Taking these (adult) figures into consideration, we can agree, our criminal justice system is imperfect; to what extent is where the conversation begins. For certain, jurors need to be more proactive in their role in order to help. Here are some questions jurors should seek answers to, which they may not ask often enough:
What was excluded from us during trial? You may not get a direct answer from a judge, but you should be skeptical when this happens: A man recently told me, “I just attended a friends trial. It lasted 10 days. He was found guilty. I had no idea how our system actually worked at the time. Shockingly, the jury was removed from court proceedings, 5, out of the 10 days. The jury was not allowed to hear what was going on in court – half of the time! Is that fair?”
Can the jury question the law, as well as the facts presented? The short answer – no. Does it happen, yes. Today, saying you question the law, while deliberating, could cost you jail time. In almost any jurisdiction across the United States, a juror is ordered, by the judge, to only follow jury instructions – instructions that say something like, “you must not consider the law, only the facts presented during trial, with current law, as it reads.” There are some jurisdictions that allow jury nullification, although by far, most jurisdictions do not. Therefore, questioning the law, at least out loud, is not permitted. To get a full understanding of what jurors were once allowed to do, let’s look back in time, to our First Supreme Court Chief Justice John Jay, who stated, “It is presumed, that juries are the best judges of facts; it is, on the other hand, presumed that courts are the best judges of law. But still both objects are within your power of decision… you [juries] have a right to take it upon yourselves to judge both, and to determine the law as well as the fact in controversy”. So yes, the role of a juror has changed.

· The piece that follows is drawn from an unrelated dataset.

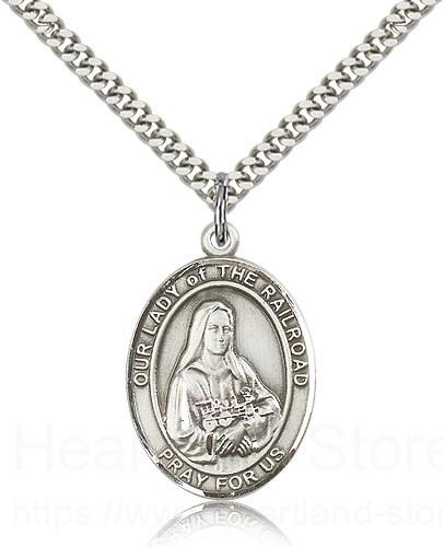 This Our Lady of the Railroad Pendant is made of sterling silver and is approximately the size of a quarter. The jewelry pendant is paired with a 24 inch stainless steel heavy curb chain as pictured. All medals are gift boxed in a beautiful blue velvet hinged jewelry gift box.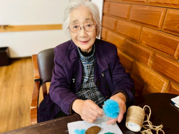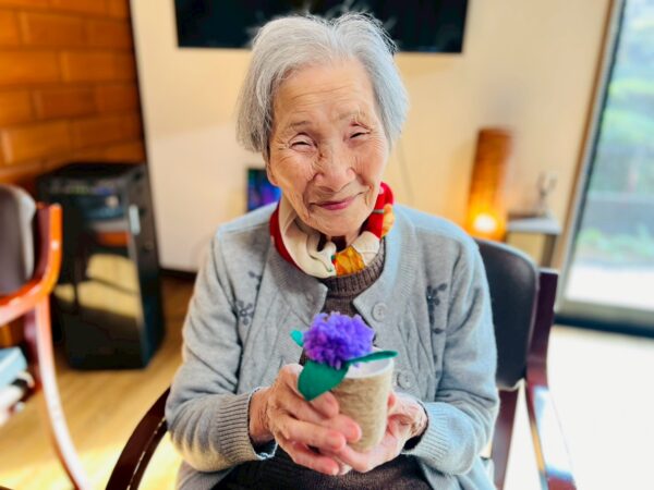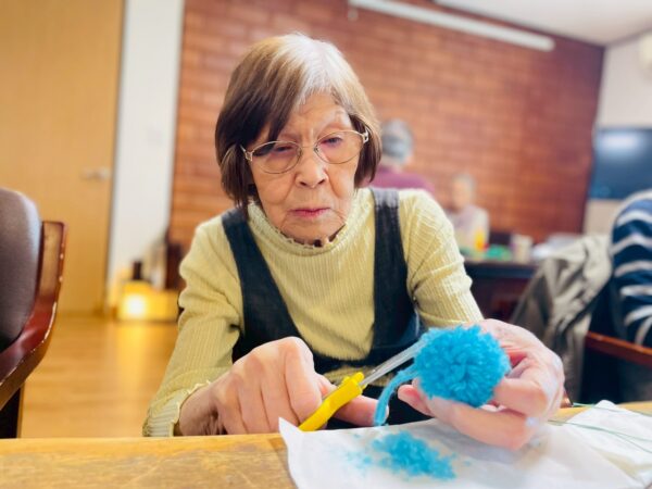 午前中は、毛糸のお花づくりをしました。

Does the Defense have expert witness testimony? While at trial, pay attention to the amount of “expert” government witnesses. They are usually people with special titles, and credentials – ready to say, “Guilty!” How many “experts” does the defense have, to counter? If you see none for the defense, then at least ask yourself, “why?”
It is the burden of the government to prove guilt beyond a reasonable doubt. It is not the burden of the defense to prove innocence, although that is contrary to many court proceedings in this day and age. As a juror, you judge. Being in court doesn’t necessarily mean someone is guilty – and the person with a badge, can, and sometimes does make mistakes. Remember, we are all human, and a badge doesn’t make one person more honest than another. Blindly believing those who say “guilty” is not how our criminal justice system was intended. Question everything.
What other questions should jurors ask? Can you think of any? One day you could be in court – dependent upon your peers to do the same. Inform yourself, and start the conversation!
“Injustice anywhere is a threat to justice everywhere.” –Martin Luther King, Jr.